## STORED DATA
────────────────────

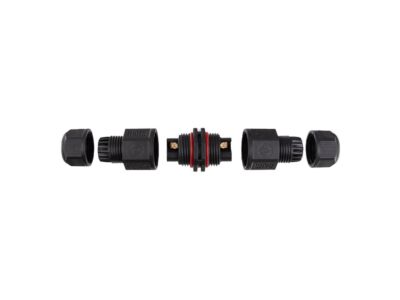 Kabelová spojka rovná, IP67, šroubovací kontakty, L20, 2piny. Rozměry spojky ve složeném stavu: průměr 26,4mm x délka 79,1mm, max. 20A/250V, pro průměry kabelu 6,5 - 10,5mm, max. průřez 4mm².
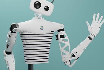 Aujourd'hui, c'est un petit robot qui a fait l'actualité du salon. Un robot 100% français, cela ne va pas sans dire. Son nom ? Reachy. Sans fonction particulière si ce n'est aider l'Homme dans toutes ses tâches, Reachy est doté de deux jolis yeux ronds, avec des caméras HD intégrés, de petites antennes animées et surtout d'un sous-pull marinière.
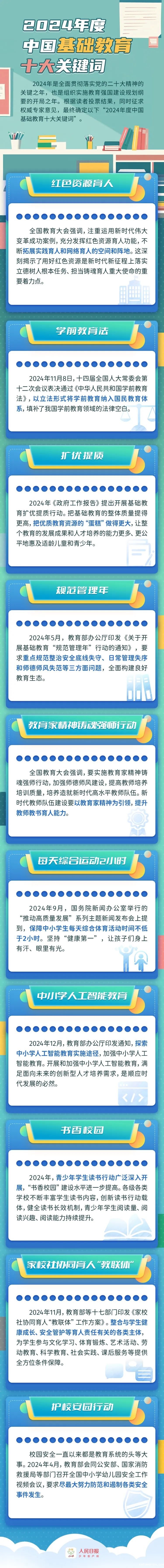 教育兴则国家兴,教育强则国家强。建设教育强国,基点在基础教育。2024年是组织实施教育强国建设规划纲要的开局之年。这一年来,中国基础教育领域在深化综合改革、加快推进高质量发展的道路上奋勇向前,不断增强人民群众的教育获得感、幸福感、安全感,继续答好“强国建设、教育何为”的时代课题。在教育部基础教育司指导下,人民日报少年客户端推出《揭晓!2024年中国基础教育十大关键词》图解,让我们一起关注。

────────────────────

Transcribe all the lines above exactly; any image among them is skipped.

 Kabelová spojka rovná, IP67, šroubovací kontakty, L20, 2piny. Rozměry spojky ve složeném stavu: průměr 26,4mm x délka 79,1mm, max. 20A/250V, pro průměry kabelu 6,5 - 10,5mm, max. průřez 4mm².
 Aujourd'hui, c'est un petit robot qui a fait l'actualité du salon. Un robot 100% français, cela ne va pas sans dire. Son nom ? Reachy. Sans fonction particulière si ce n'est aider l'Homme dans toutes ses tâches, Reachy est doté de deux jolis yeux ronds, avec des caméras HD intégrés, de petites antennes animées et surtout d'un sous-pull marinière.
 教育兴则国家兴,教育强则国家强。建设教育强国,基点在基础教育。2024年是组织实施教育强国建设规划纲要的开局之年。这一年来,中国基础教育领域在深化综合改革、加快推进高质量发展的道路上奋勇向前,不断增强人民群众的教育获得感、幸福感、安全感,继续答好“强国建设、教育何为”的时代课题。在教育部基础教育司指导下,人民日报少年客户端推出《揭晓!2024年中国基础教育十大关键词》图解,让我们一起关注。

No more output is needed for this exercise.